Der Bereich der bisherigen Wohnheime wird strukturell verbessert, die Wege finden Aussichtspunkte auf die Schilflandschaft und den Kanal, welcher mit Landestegen zum "Lastenkanal" wird, mit welchem alle angeschlossenen Bereiche gepäckstechnisch organisiert werden können und eine alternative "Erlebnisankunft" ermöglicht wird. (Die östlichen Kanäle werden im Bereich des ehemaligen Campingparkplatzes (jetzt Reservefläche) als Lückenschluss verbunden, damit ein "Lastenkanal" als besonderes Service geschaffen, welcher bereits im Einfahrtsbereich des BesucherInnenparkplatzes bedient werden kann.)

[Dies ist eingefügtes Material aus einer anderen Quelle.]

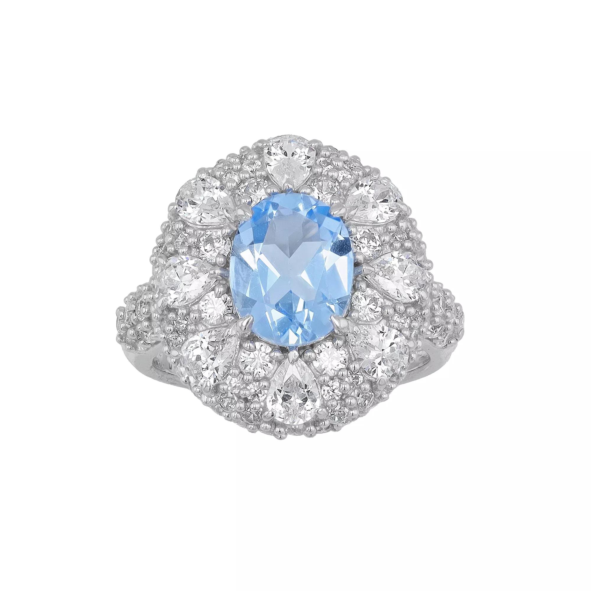 Add a vintage-inspired touch of elegance to your jewelry box with this sterling silver SIRI USA by TJM cubic zirconia and lab-grown blue quartz halo ring. Add a vintage-inspired touch of elegance to your jewelry box with this sterling silver SIRI USA by TJM cubic zirconia and lab-grown blue quartz halo ring. FEATURES Band width: 0.85 in. Shank style: halo Band fit: comfort fit Nickel free Metal: sterling silver Plating: rhodium Finish: polished Packaging: boxedSTONE DETAILS Stone type: lab-grown blue quartz, cubic zirconia Total weight: 4 1/2 ct. Center stone weight: 1 5/8 ct. Center stone size: 9 mm x 7 mm Shape: oval Setting: prong Gemstones may have been treated to enhance their appearance. Special care may be required. Please visit our Gemstone Treatment & Special Care Guide for more information. Size: 6. Gender: female. Age Group: adult.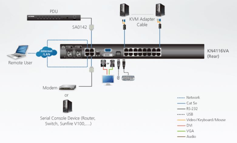 - 1x KN4116VA KVM over IP Switch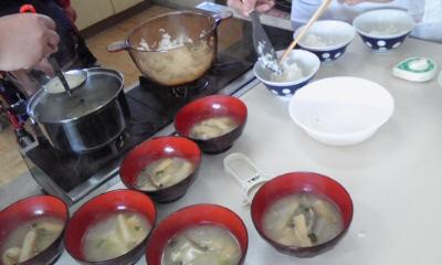 調理実習で、「ごはんとみそ汁」を作りました。にぼしのだしで作った味噌汁は、おいしかったですね。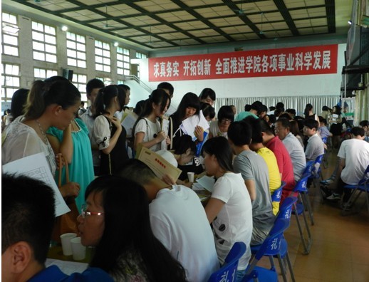经管系精心组织安排,各新生班主任及其助理、经济管理系志愿者及时到位,安排有序,为新生注册报到提供了周到的热情的服务。在车站,接车老师和志愿者们热情迎接,及时沟通,保证新生及其家长及时坐上校车;在新生报到咨询处,有关人员耐心地解答着新生和家长们的问题;在报到现场,学长学姐们为初进大学校园的学弟学妹们解答疑问、引路、提行李,办理入学登记,新生注册登记、物品发放等环节有条不紊地进行着;同时报到现场为新生及其家长精心备好饮用水、防暑用品及座椅,为新生及家长们提供了休息空间。热情周到的服务赢得了新生及其家长的肯定,许多家长表示把学生放在我系,可以放心。

Der Bereich des ehemaligen Bootslagers wird mittels Luxuswohnheimpfahlbauten (ca. 90 Stk. x 2,8x7m Pfahlbauten und 30 Stk. ebenerdig barrierefrei) neu strukturiert. Die Parkplätze dazu befinden sich unter den Wohnboxen, private Grüngärten und Dachterrassen erhöhen die Aufenthaltsqualität, die Nähe zur Promenade begünstigt die Lage.

Kurzaufenthalte mit Campingmobilen finden im östlichen Bereich des Parkplatzes (entlang der begrünten Wohnheimgrenze) ihren Aufstellungsbereich mit ebenfalls direktem Blick auf und Anbindung an die Promenade.

Neu zugeordnete Boote werden wie "Airbnb" zentral an der Anmeldung vergeben. Apartments (Suiten) im Bereich Restaurant (unter der Promenade) ergänzen das Übernachtungsangebot.

Nicht mehr benötigte Restflächen (z.B. im ehem. Gemeindehafen) werden renaturiert, die aktuell verstreuten Bauflächen am Parkplatz und im Strandbereich an der Promenade neu konzentriert und rückgetauscht, um die Umweltverträglichkeit zu optimieren.

Die klaren Maßnahmen des Projekts, welche die Besonderheit der Landschaft und des Areals hervorheben und zu einem einzigartigen Erlebnis werden lassen, verheißen dem Strandbad Breitenbrunn - BREITENPROM - einen Platz an der internationalen Spitze touristischer Anlagen.